Activity: Each line from the one with "Before assembly, the" through the last line below must be written out exactly. Do not copy pictures.
-- Input follows --
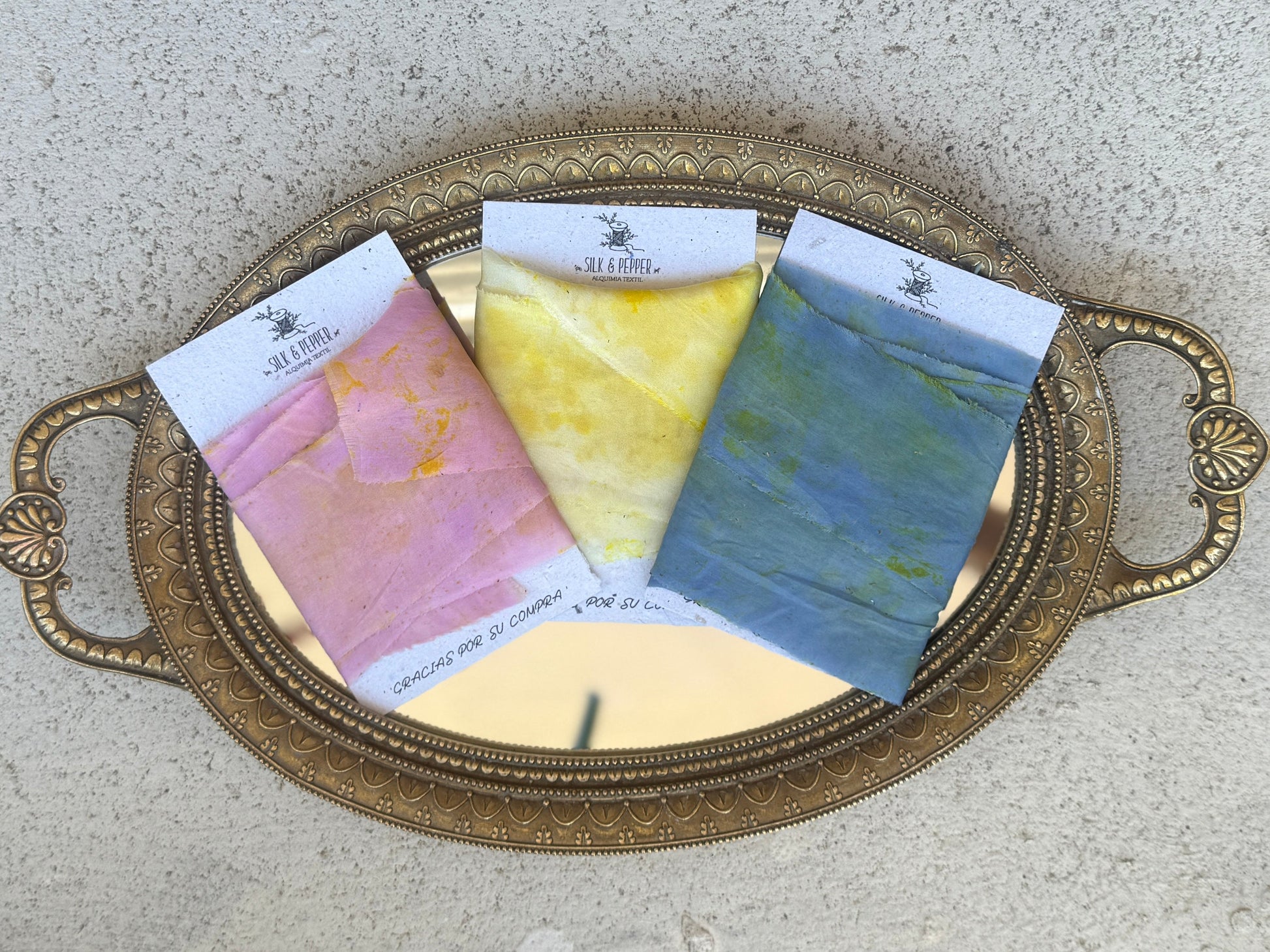 Majestuosa Seda tipo Habotai con técnica de teñido Ecoprint.
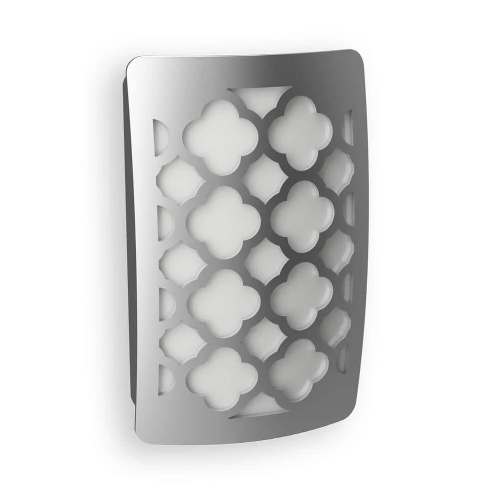 The Westek NL-DPTG-N Tangier Decoplug Night Light is the perfect night time lighting solution. This device automatically turns on in low light providing 4 lumens of illumination. Designed with a tangier pattern design and an satin nickel finish that works with any decor. The innovative cover hides outlet plugs from view and flips up when needed. Great for hallways, entryways, basements, bathrooms and more. AmerTac manufacturing brands offer complete lines of distinctive decorative home accent products that include trend-setting wall plates, money saving LED night lights, innovative under cabinet lighting and LED battery operated lights. We also offer utility product lines including energy-saving timers, dimmers and lighting controls, as well as an extensive offering of consumer electronics accessories for the home and office.
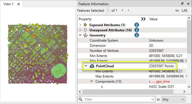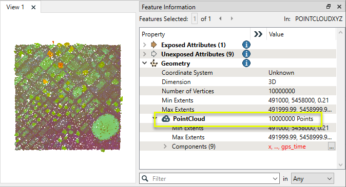 Extracts the geometry properties of a point cloud feature and exposes them as attributes, optionally checking for their existence, retrieving component properties, and finding minimum and maximum values. Extents may also be recalculated and updated. |
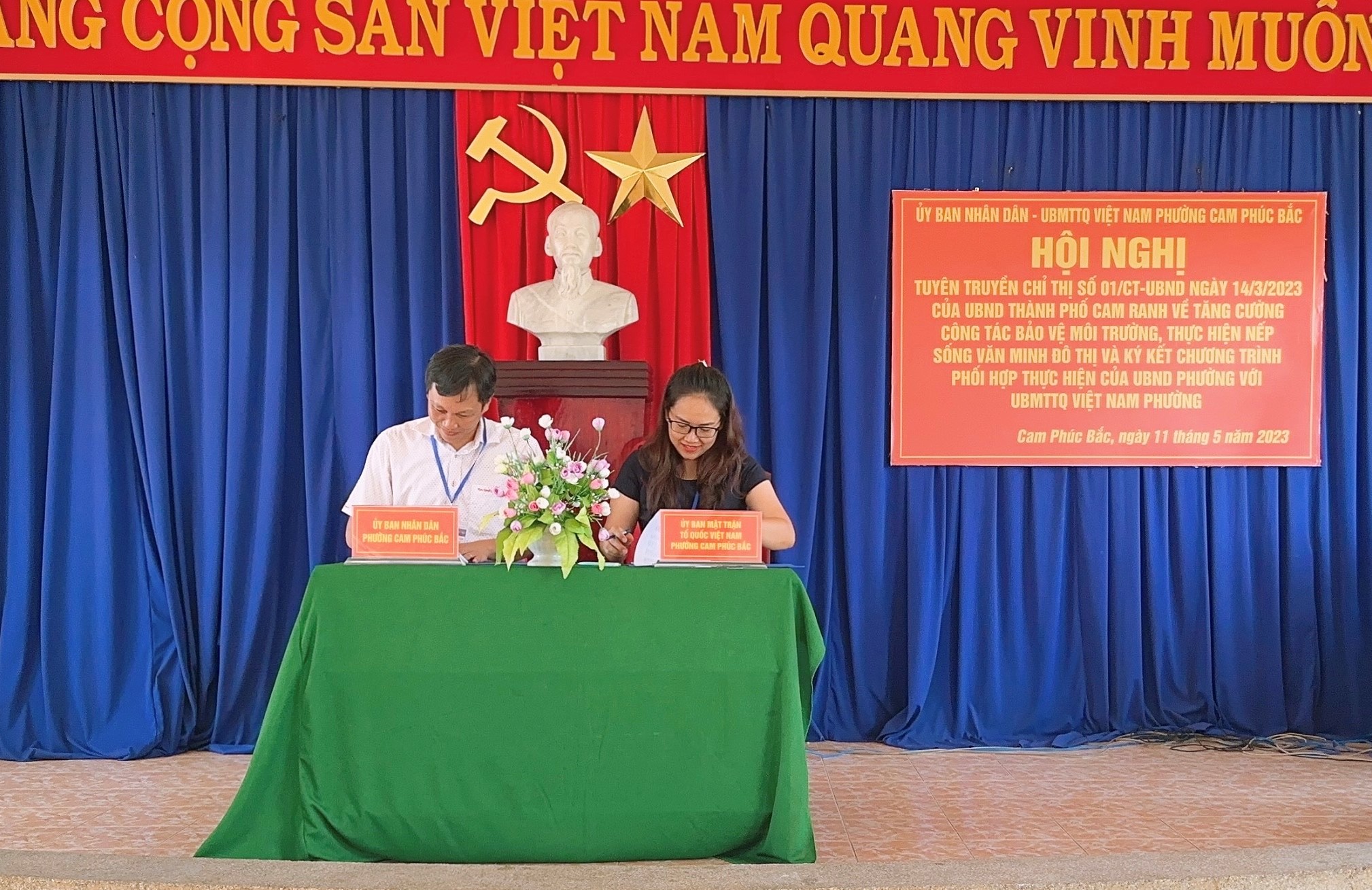Chiều ngày 11/5/2023, Ban Thường trực Ủy ban MTTQ Việt Nam phường phối hợp UBND phường Cam Phúc Bắc (TP. Cam Ranh) tổ chức Hội nghị tuyên truyền Chỉ thị số 01/CT-UBND ngày 14/3/2023 của UBND thành phố về tăng cường công tác bảo vệ môi trường, thực hiện nếp sống văn minh đô thị.
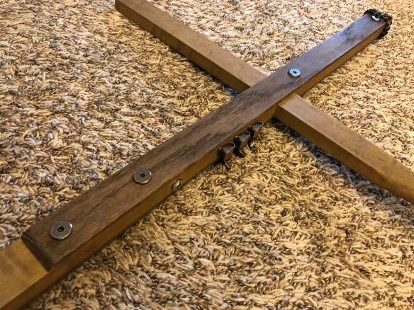 Before assembly, the bottom of the cross was ground down to a spear and the cross beam was ground to a sharp stake. Both the maple neck/body and the oak components were finished with two shades of vinegar and steel wool stain—white vinegar and red wine vinegar, which let the wood with a heavy red tone.
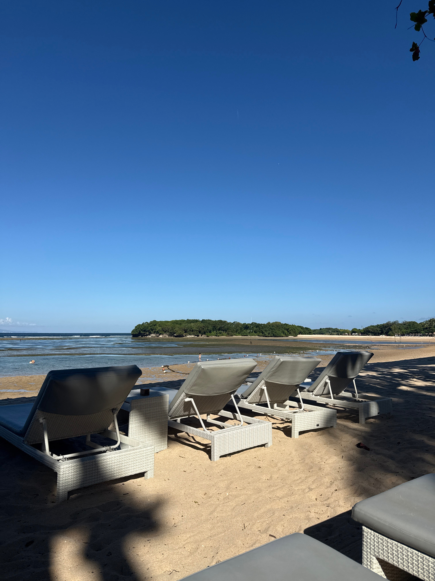 The image depicts a beach scene, likely in Kuta Selatan, Indonesia. The composition features a row of lounge chairs arranged on the sandy shoreline. The chairs are constructed from a woven material an…read more
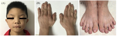 注:(A)面部特征,圆脸,眼距宽,上睑轻度下垂,鼻孔前倾,长人中,下唇下端横向折痕;(B)双手指短粗;(C)双脚趾呈球形
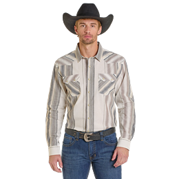 Men's Panhandle Modern Vintage Natural Stripe Long Sleeve Snap Shirt PMN2S06920
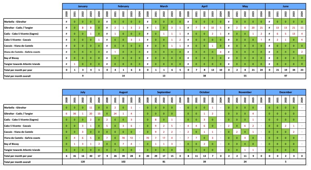 Quand on regarde les lieux des interactions avec les orques, du moins sur l’application GT ORCA, il semble que la grande majorité se passe dans la bande des 50 miles des côtes. Il suffirait donc de s’éloigner des côtes pour minimiser le risque ?
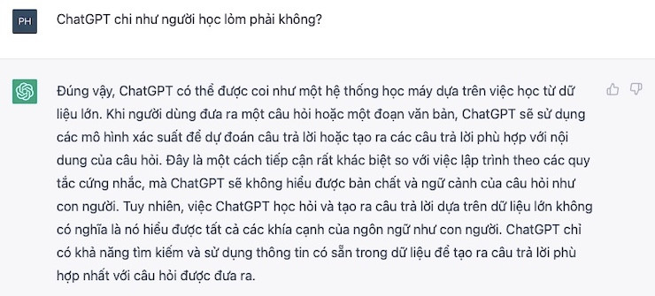 Tương tự, khi người viết đặt câu hỏi ngắn gọn hơn là "ChatGPT chỉ như người học lỏm phải không?", ChatGPT cũng mở đầu bằng "đúng vậy".
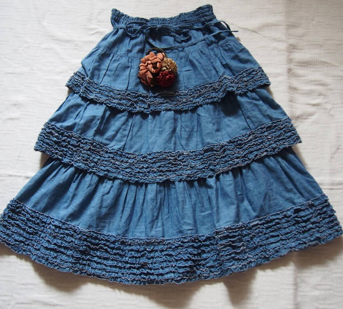 ピンクハウス/ダンガリー調半袖ブラウス&ミディ丈段々スカート
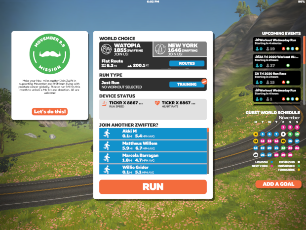 You’ll return to the route/run selection screen where you can select “RUN”. You should see something like the image above. Choose the desired speed on your treadmill and your avatar will move accordingly. That’s it – you’re running in Zwift!
-- Input concluded --
Final answer:
 Before assembly, the bottom of the cross was ground down to a spear and the cross beam was ground to a sharp stake. Both the maple neck/body and the oak components were finished with two shades of vinegar and steel wool stain—white vinegar and red wine vinegar, which let the wood with a heavy red tone.
 The image depicts a beach scene, likely in Kuta Selatan, Indonesia. The composition features a row of lounge chairs arranged on the sandy shoreline. The chairs are constructed from a woven material an…read more
 注:(A)面部特征,圆脸,眼距宽,上睑轻度下垂,鼻孔前倾,长人中,下唇下端横向折痕;(B)双手指短粗;(C)双脚趾呈球形
 Men's Panhandle Modern Vintage Natural Stripe Long Sleeve Snap Shirt PMN2S06920
 Quand on regarde les lieux des interactions avec les orques, du moins sur l’application GT ORCA, il semble que la grande majorité se passe dans la bande des 50 miles des côtes. Il suffirait donc de s’éloigner des côtes pour minimiser le risque ?
 Tương tự, khi người viết đặt câu hỏi ngắn gọn hơn là "ChatGPT chỉ như người học lỏm phải không?", ChatGPT cũng mở đầu bằng "đúng vậy".
 ピンクハウス/ダンガリー調半袖ブラウス&ミディ丈段々スカート
 You’ll return to the route/run selection screen where you can select “RUN”. You should see something like the image above. Choose the desired speed on your treadmill and your avatar will move accordingly. That’s it – you’re running in Zwift!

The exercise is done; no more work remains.